Иван открыл рот, хотел закричать, вдохнуть – и не смог. Царь кивнул кому-то; тотчас поднесли крохотный лук, как раз по руке Ивану. Милонег протянул лук сыну, подал стрелу.

– Ну-ка, покажи, чему тебя Елисей выучил.

Иван оттолкнул лук. Спрятался за мать.

– А ну! – грозно велел царь. – Стреляй!

Иван молча глянул на Яромилу. Та опустила глаза, подтолкнула его мягко:

– Ты ведь царь будущий, Ванюша. Как будешь охотиться, как воевать станешь, если лук в руки не хочешь брать?

Иван дёрнул головой.

– Не хочу охотиться! Не стану воевать!

Кулаком отёр лицо и кинулся прочь сквозь бурелом и травы. Милонег бросил гневно:

– Гузыней[24] растёт. Сменить учителя!

– Милонег! – с укором воскликнула царица. Голос зазвенел, совсем как у Ивана – серебряными бусинами по стеклу.

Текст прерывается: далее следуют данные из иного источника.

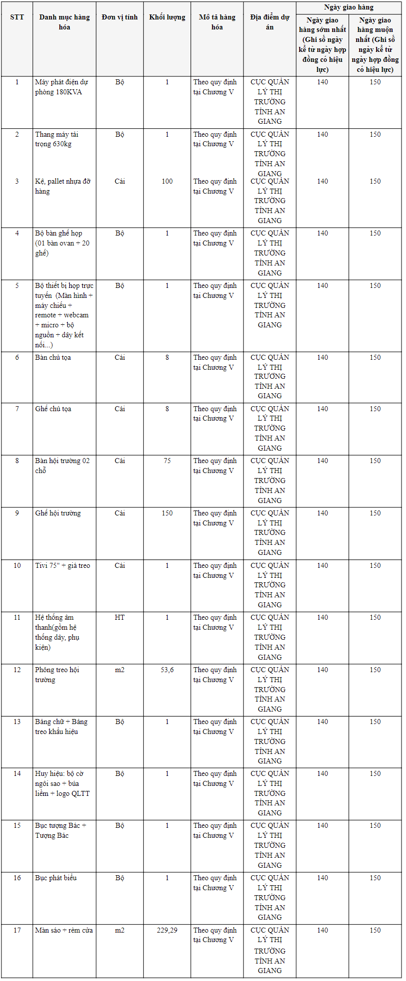 | Bên mời thầu | Cục Quản lý thị trường tỉnh An Giang |

– Не дело ему от лука лытать да слёзы лить, – осадил Яромилу царь. Дёрнул поводья.

Поворачивая, конь его, ладный, длинношеий, наступил копытом на крохотный лук – тот разломился; едва слышно застонало дерево. Царица, качнув головой, горько глянула на царя, побежала за сыном.

…Свет летел по чаще, ветки хлестали по рукам, по плечам. Перезванивались растревоженные птицы, трещали. Порскали в стороны мелкие лесные звери, в нос лезли запахи мокрой земли, мягкого осеннего солнца. Мимо нор и гнёзд бежал Иван, мимо лесных озёрец и тайных троп, а в голове билось: никогда. Ни за что!

Яромила нашла сына на елани[25] – спрятался у корней. Опустилась рядом на колени, притянула к себе кудрявую голову.

– Ванюша…

– Ай люлень ты мой олень, – всхлипнул царевич.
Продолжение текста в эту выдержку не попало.